Here's a link to the video from today:
The bit most relevant to this post is at around 66 minutes.

I'm particularly interested in where on earth Michael Gove's belief that his free market policies would improve education came from given that they contradict the evidence and the theory of the economics of state education. We get some insight into how his belief in this might have been endorsed at 30, 32 and 36 minutes

mike's picture
Wed, 06/06/2012 - 12:18

..and I read somewhere, wish I could remember where, that free schools in 2011 accounted for 0.001% of the provision but took 0.26% of the budget.

Janet Downs's picture
Wed, 06/06/2012 - 12:57

mike - the TES (1 June 2012) had an article about how Gove was moving towards for-profit schools.
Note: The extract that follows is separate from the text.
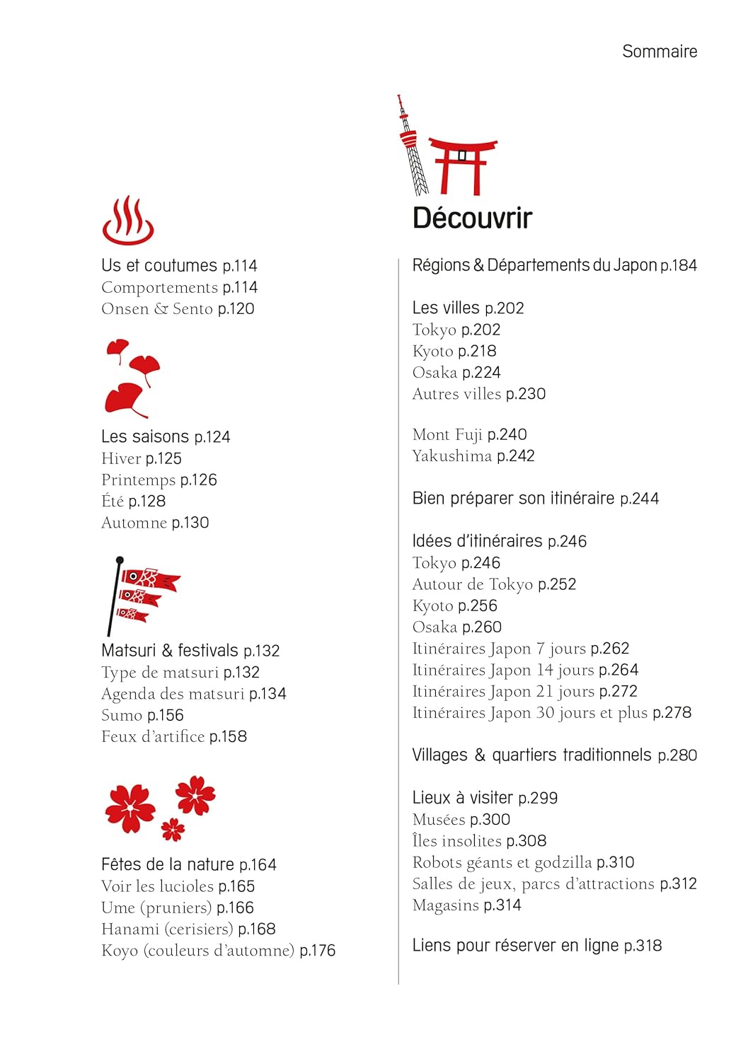 Les auteurs y présentent les sites emblématiques comme Tokyo, Osaka, le mont Fuji, Kyoto ou Nara, avec une multitude d’activités originales, de promenades hors des sentiers battus et de visites inoubliables.

It said that £337 million had been spent on free schools up to April 2012.

Allan Beavis's picture
Tue, 29/05/2012 - 22:49

Gove also used his appearance at the Leveson Inquiry to trumpet on about not stifling press freedom as if the Inquiry itself had departed away from examining the often dubious co-dependence of politicians and media.
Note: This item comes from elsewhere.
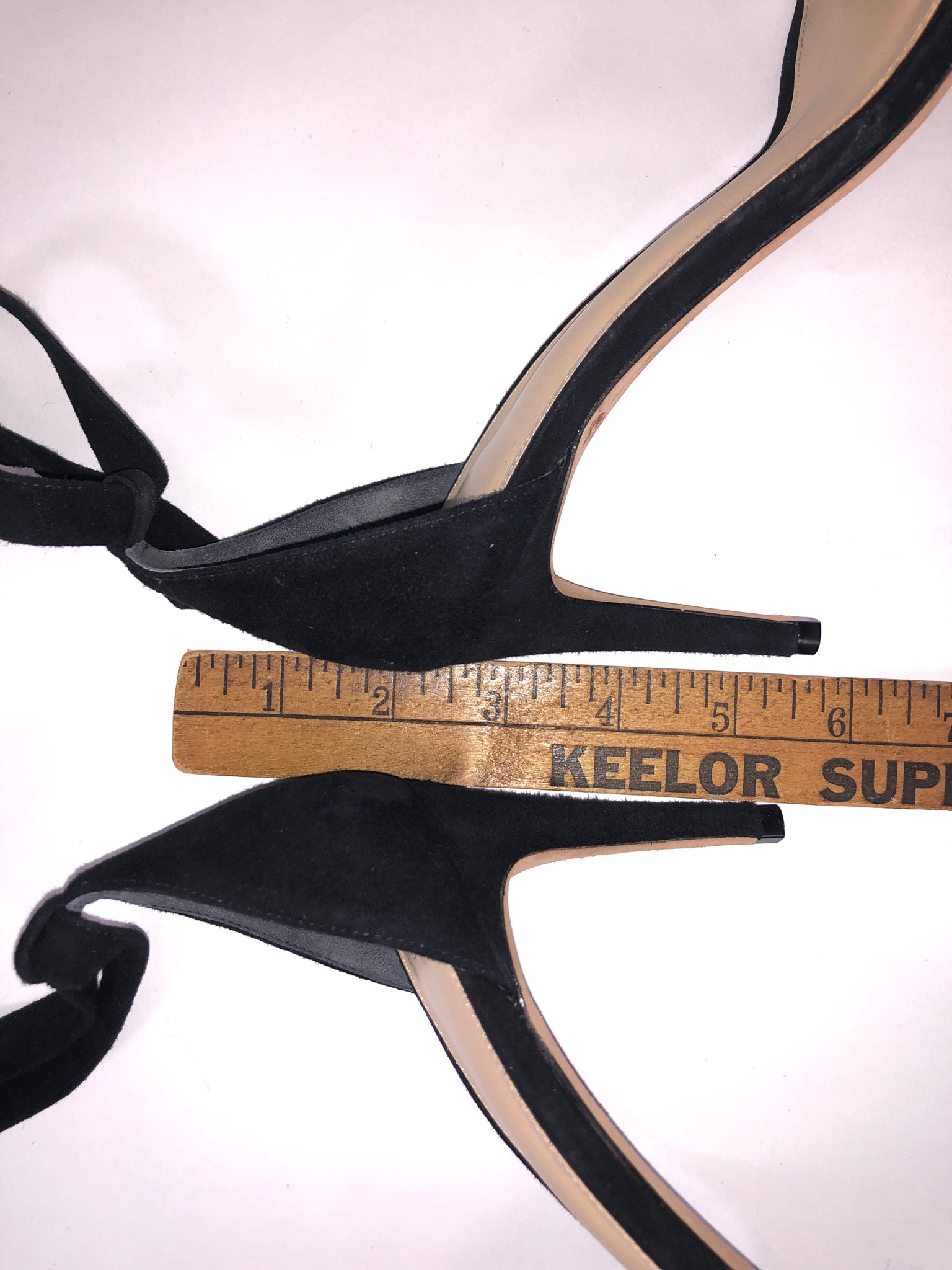 BLACK HEEL ANKLE STRAP PEEP SILVER CRYSTALS SUEDE

If Gove is really so intent on freedom of speech, why does he not publish his emails, especially those he sent through private emails and his wife's account? And why did his special adviser tell the DfE not to comply with FoI requests?

Janet Downs's picture
Thu, 31/05/2012 - 12:10

Mr Gove flattered certain newspaper editors (to keep them on-side) and praised the intelligence of the public who were, he said, shrewd enough to see through spin. This makes it appear as if his words are reliable and honest - how could the public possibly doubt the utterances of someone who recognises that the public are so discerning that they can see through political spin? To mistrust his words would be to doubt his judgement - and that would mean doubting his judgement about the perceptiveness of the public.

Janet Downs's picture
Thu, 31/05/2012 - 12:19

Mr Gove robustly defended the freedom of the press. He invoked Orwell - free speech, if it meant anything at all, meant offending some people at some time. But Gove fundamentally misunderstands free speech. He praised journalists who could present a case forcefully and with "elan". This implies that style trumps substance - it doesn't matter what view is being presented just as long as it is done with panache or passion. Free speech is essential for getting at the truth - that's why dictators and repressive regimes stifle it. But free speech carries with it the obligation to tell the truth - free speech is not the freedom to distort, misrepresent and lie, no matter how elegantly it is expressed or how robustly it is delivered.

tim bidie's picture
Sat, 09/06/2012 - 06:14

In every walk of life there are commercial organisations doing untold good, whilst making profits that are reinvested to improve service.

Why should schools be any different?